When tourists visit the doomed ancient city of Pompeii, in Italy, they encounter a city frozen in a state of panic, an eerie tableau of a city’s populace fleeing the erupting Vesuvius in 79 AD. Amid the well preserved homes, taverns and plazas, are people encased in volcanic ash. Some were killed lying on the ground or reaching out in anguish. Some were killed in the embrace of another.
Archeologists’ latest discovery at the famed ruins shows another tragic episode in the city’s destruction: the remains of a man who was crushed by a large falling stone.
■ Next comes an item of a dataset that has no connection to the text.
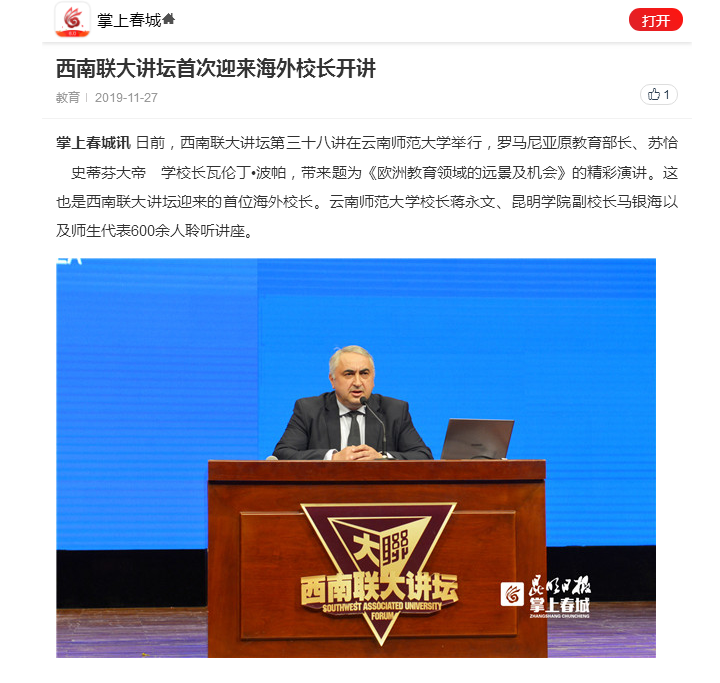 上一条:中国青年报 2019-11-28 罗马尼亚教育家瓦伦丁·波帕做客西南联大讲坛 下一条:昆明日报 2019-11-25 情系乌蒙!云南画家黄河山水画作品展在昆开展

The Associated Press reports that the remains are believed to be of a man who was at least 30 years old. It appears he was walking with a limp, stemming from an infected tibia. While he was fleeing, a large stone fell, crushing his thorax.
On the official website for the archeological site, experts reconstructed the timeline of this man’s demise:
Initial observations would appear to indicate that the individual survived the first eruptive phase of the volcano, and subsequently sought salvation along the alley now covered in a thick layer of lapilli [volcanic debris].
A formidable stone block (perhaps a door jamb), violently thrown by the volcanic cloud, collided with his upper body, crushing the highest part of the thorax and yet-to-be-identified head, which lie at a lower height of the lower limbs, and probably under the stone block.